* _SUPPLIED RECORDS_
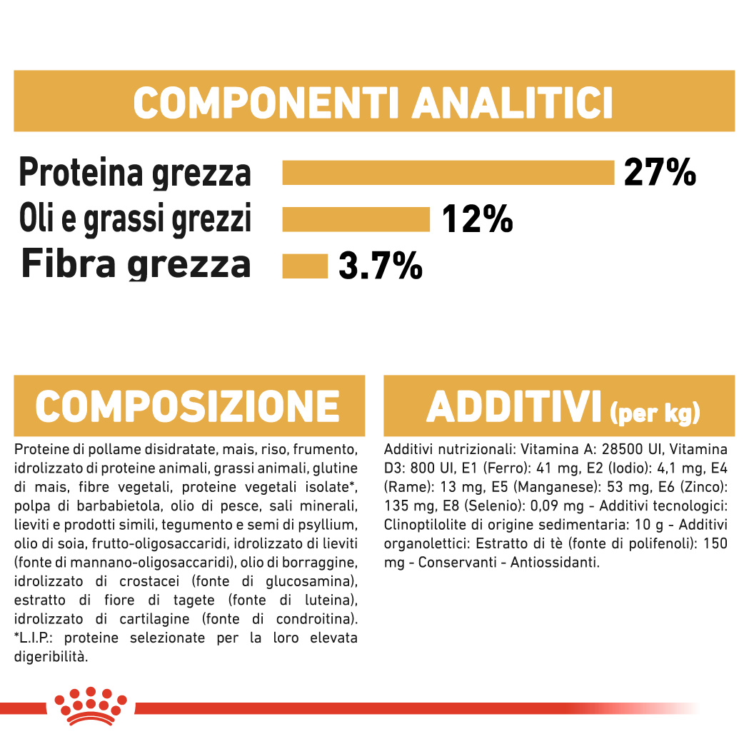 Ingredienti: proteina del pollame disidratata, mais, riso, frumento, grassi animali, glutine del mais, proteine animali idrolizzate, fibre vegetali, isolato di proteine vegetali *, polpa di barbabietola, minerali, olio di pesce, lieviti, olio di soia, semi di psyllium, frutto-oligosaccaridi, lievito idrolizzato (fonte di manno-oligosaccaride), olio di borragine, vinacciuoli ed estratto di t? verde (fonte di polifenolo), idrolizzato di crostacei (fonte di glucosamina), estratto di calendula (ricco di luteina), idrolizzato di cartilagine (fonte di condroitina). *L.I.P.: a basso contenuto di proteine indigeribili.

---

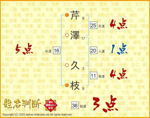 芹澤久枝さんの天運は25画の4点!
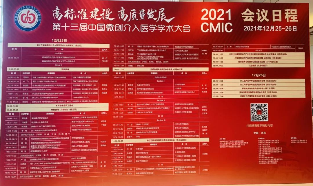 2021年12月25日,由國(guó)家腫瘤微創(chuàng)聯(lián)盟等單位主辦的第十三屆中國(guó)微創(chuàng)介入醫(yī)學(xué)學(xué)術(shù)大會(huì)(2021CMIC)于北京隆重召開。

* _PROMPT_
Out of the records above, please copy exactly the lines from the line with "芹澤久枝さんの天運は25画の4点!" up to and including the line with "2021年12月25日,由國", minus the pictures.

* _RESPONSE BELOW_
 芹澤久枝さんの天運は25画の4点!
 2021年12月25日,由國(guó)家腫瘤微創(chuàng)聯(lián)盟等單位主辦的第十三屆中國(guó)微創(chuàng)介入醫(yī)學(xué)學(xué)術(shù)大會(huì)(2021CMIC)于北京隆重召開。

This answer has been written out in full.